Один щелчок пальцев – уже память. Осуществленные писательские идеи, принятые решения написания, встреченные друзья, пассии, вдохновители и музы, посещенные места – не повторятся. Бытие и личность так крепко повязаны, что стоит упасть волоску от дуновения ветра, как мир безвозвратно изменился.
И я стал другим. И исчез.
Когда ждешь счастья – нечто становится мечтами.
Кажется, Шопенгауэр говорил, что мы живем в худшем из миров. Несмотря на… ни на что, он не прав.
Много миров или он один, но тот, в котором находился я, пока узнавал и был способен помнить, – не стоял на месте. Скорость перемен безгранична, как Космос. Он есть, к Нему можно стремиться, но Он непостижим. Аналог мечты.
Истинному мечтателю имя Космонавт. Я был им, но горел. Спешил жить, свершать.
Шаги Космонавта, насколько бы они ни были размашистыми и уверенными, не ведут к цели быстрее. Плавность движений, стратегия и внутренняя уверенность пособники достижения. Осторожность, «выдержка – обратная сторона стремительности». Иначе глазом моргнуть не успеете, космогония раздавит.
Момент - что-то вроде чистилища, которое масштабнее момента, вечного и монотонного. В котором намеренно застрял и никуда не денешься, пока не отрешишься от специфического образа существования. Пока не позволишь попробовать быть счастливым в моменте.
Это все – символизм. Вымысел. Попытка обрести высший смысл существования в условностях.
«Ты что-то делаешь не так, хоть и не понимаешь что».
«Помоги себе сам, другие никогда не смогут этого сделать».
Но кто вы? Я вас не вижу.
Я один. Наедине с собой и своими мыслями.
Откуда я слышу голоса?
«Ты наедине с собой, верно. Все голоса, которые ты слышишь это…»
Мои мысли? На них это не похоже.
«Мысли, но еще не ушедшие в прошлое и не застрявшие в моменте. Жамевю. Хотя, скорее прескевю, мысль, которую ты почти смог ощутить».
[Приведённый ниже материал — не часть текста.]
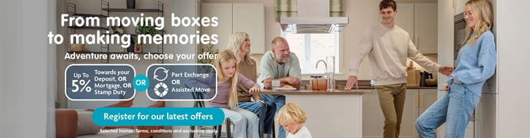 Adventure awaits in your brand-new home! At Miller Homes, we’re here to turn your ‘one day’ dreams into ‘right now’ reality. On selected homes you can choose from up to 5% towards your mortgage, deposit, or Stamp Duty*, or benefit from our Part Exchange† and Assisted Move^ options, meaning your new adventure is closer than you think. So, get moving. Pre-reserve your new home online today. Terms and conditions apply.
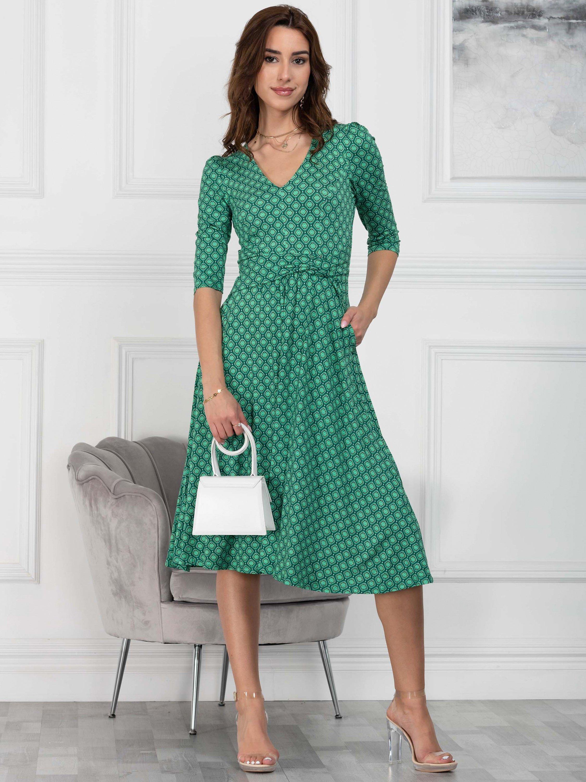 Jolie Moi Glynice V Neck Fit and Flare Dress Green Geometric Very well made.

Вы рядом? Не оставите меня?
От вашего появления не саднит в сердце. И в голове. На душе не отражается печаль от почти-появлений.
Тишина.
Я помню и держу последние прижизненные моменты счастья в голове, потому что люблю.
Любовь – не химическая реакция мозга, это физика. Метафизика. Природа жестока к своим творениям, а они еще более жестоки друг к другу.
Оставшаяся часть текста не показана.